Мы отрывались все утро. Скачали через мобильник «Лучшие хиты «Air Supply»», и я уже предвкушал, как стану изгаляться на аллее кампуса школы Святого Иеронима и орать «Солнечный день — это повод для секса…», а Бриджид будет подтягивать припев своим приятным меццо-сопрано. Пока же я прикалывался над полицейскими. За окнами белой папиной «ауди» Коннектикут сменился Массачусетсом, а затем Нью-Гэмпширом — по обеим сторонам дороги впечатляюще высились голые гранитные глыбы.

— Бриджид, меня, возможно, попросят сказать речь. — Я переключил скорость. — А я не знаю, что говорить. Какие у тебя соображения?

— Говори покороче, — посоветовала Бриджид.

Я вытащил из кармана блокнот и поспешно свернул на обочину.

— Вот, Бриджид, напиши здесь: «Краткость». Но этого мало. Нужна тема.

— Перечисли самые важные события за последние десять лет.

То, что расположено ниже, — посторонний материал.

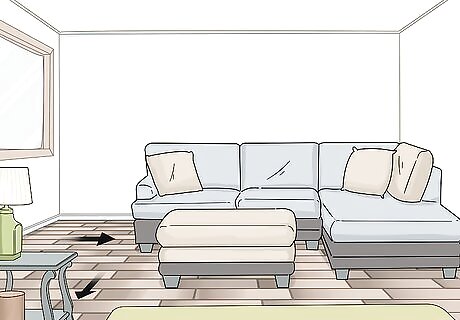 Attach felt pads to your furniture legs and edges to avoid scratches. Place felt furniture pads on all of the furniture on top of your hardwood floors so they don’t scratch the surface. Add felt pads to any areas that contact the floor such as the edges or corners of sofas. You can find felt pads at department stores and online.

— Даже не знаю. Развал Советского Союза и, как следствие, беспрецедентная возможность управлять миром посредством законов и правосудия? Каковое правосудие Штаты скомпрометировали своим стремлением к глобальной гегемонии и принципом «Все животные равны, но некоторые равнее»? Да, еще не забыть сказать о навязанной Вашингтоном и не оправдавшей себя модели глобальной экономики и распространении интернета. А? Как ты думаешь, Бридж? О терроризме упоминать не буду, потому что не знаю, как с ним бороться.

— Только убивая террористов. Больше никак.

— Пожалуй.

— Все это хорошо, но что случилось лично с тобой за последние десять лет? Если не считать меня.

— Почему это тебя не считать? Как раз можно не считать все остальное. Хотя ты права. Поменьше определенности. Запиши еще: «Работа и любовь». Найти хотя бы что-то одно за десять лет — уже хорошо.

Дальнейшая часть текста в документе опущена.